PROCESSUAL CIVIL — REsp 2173858
Análise documental baseada na ementa oficial do Superior Tribunal de Justiça, organizada para consulta e compreensão do precedente.
Comentário editorial
Nesta leitura prática, a decisão é organizada para mostrar o que o STJ efetivamente registrou e quais dados devem ser conferidos antes de transportar o entendimento para uma situação cotidiana. O recorte processual é REsp, julgado por SEGUNDA TURMA, sob relatoria de AFRÂNIO VILELA.
Para o cidadão, o ponto essencial é não tratar a ementa como uma regra automática: fatos, pedidos, fase processual e legislação aplicável precisam ser comparados com o caso concreto. Quando o julgamento repercutir em mobilidade, veículos, sanções ou direitos do condutor, essa conexão deve estar expressa no próprio texto oficial.
Pontos centrais da ementa
- EXECUÇÃO FISCAL AJUIZADA PELA FAZENDA NACIONAL, EM 2016, PARA A COBRANÇA DE DÍVIDA ATIVA NÃO-TRIBUTÁRIA REFERENTE À MULTA PENAL COMINADA CUMULATIVAMENTE COM PENA PRIVATIVA DE LIBERDADE.
- PRAZO DE PRESCRIÇÃO DA MULTA REGIDO PELO CÓDIGO PENAL.

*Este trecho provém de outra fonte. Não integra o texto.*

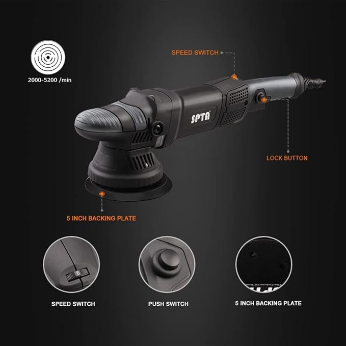 - EXCELLENT PERFORMANCE - The SPTA DAPSET-US is a 110V 6.5A dual-action polisher. With powerful motor, this random orbital polisher is perfect for polishing and removing swirls, scratches, and defects from all painted vehicles, reappearing the shine of your car. You can also use it to sand wood or metal,POWERFUL POLISHER - Eccentric polisher with 750W power, light body, easy replacement of carbon brushes. Constant power and constant speed function, more stable.
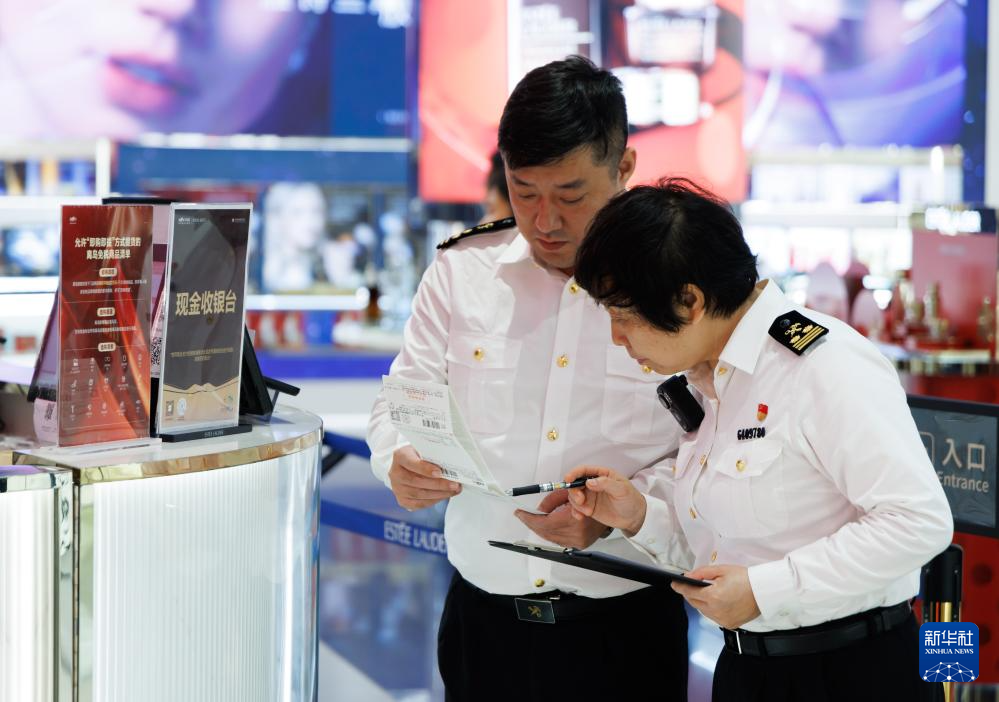 12月10日,海关工作人员在中免(海口)国际免税城一家商铺现金收银台前,排查是否有以现金形式支付的高风险人员。

- A Primeira Seção deste STJ, por ocasião do julgamento do REsp 1.340.553/PR, sob a sistemática dos recursos repetitivos, em voto-vista da Ministra Assusete Magalhães, deixou assentado que o prazo de duração da prescrição intercorrente depende da natureza da dívida ativa (embora a dívida ativa tributária tenha prazo quinquenal, há dívidas não tributárias, que são objeto de execução fiscal, com prazos prescricionais diversos).
- Também o Ministro Herman Benjamin, em voto-vista, consignou que o prazo da prescrição intercorrente não será, necessariamente, quinquenal.
Resultado indicado
Recurso especial provido.
Ementa oficial
PROCESSUAL CIVIL. RECURSO ESPECIAL. EXECUÇÃO FISCAL AJUIZADA PELA FAZENDA NACIONAL, EM 2016, PARA A COBRANÇA DE DÍVIDA ATIVA NÃO-TRIBUTÁRIA REFERENTE À MULTA PENAL COMINADA CUMULATIVAMENTE COM PENA PRIVATIVA DE LIBERDADE. PRAZO DE PRESCRIÇÃO DA MULTA REGIDO PELO CÓDIGO PENAL. RECURSO ESPECIAL PROVIDO. 1. A Primeira Seção deste STJ, por ocasião do julgamento do REsp 1.340.553/PR, sob a sistemática dos recursos repetitivos, em voto-vista da Ministra Assusete Magalhães, deixou assentado que o prazo de duração da prescrição intercorrente depende da natureza da dívida ativa (embora a dívida ativa tributária tenha prazo quinquenal, há dívidas não tributárias, que são objeto de execução fiscal, com prazos prescricionais diversos). Também o Ministro Herman Benjamin, em voto-vista, consignou que o prazo da prescrição intercorrente não será, necessariamente, quinquenal. Para os créditos de natureza não tributária, o prazo da prescrição intercorrente será idêntico ao da prescrição ordinária, estabelecido em legislação específica - ou, na inexistência desta, aquele disposto no art. 1º do Decreto 20.910/1932 (REsp 1.340.553/RS, relator Ministro Mauro Campbell Marques, Primeira Seção, julgado em 12/9/2018, DJe de 16/10/2018). 2. Sobre o prazo de prescrição aplicável à execução de multa penal, a jurisprudência deste Superior Tribunal de Justiça orienta-se no sentido de que a nova redação do art. 51 do Código Penal não retirou o caráter penal da multa. Assim, embora se apliquem as causas suspensivas da prescrição previstas na Lei 6.830/1980 e as causas interruptivas disciplinadas no art. 174 do Código Tributário Nacional, o prazo prescricional continua regido pelo art. 114, II, do Código Penal. Precedentes. 3. Recurso especial provido.
Referências legislativas
["LEG:FED DEL:002848 ANO:1940\n***** CP-40 CÓDIGO PENAL\n ART:00051 ART:00109 ART:00110 ART:00114 INC:00002"]
Fonte e transparência
Conteúdo documental proveniente do conjunto oficial de dados abertos do STJ. Consulte também a pesquisa de jurisprudência do STJ e o arquivo oficial de origem deste registro.
Aviso: este material tem finalidade informativa e documental. Não constitui parecer jurídico nem garante aplicação do entendimento a outro processo.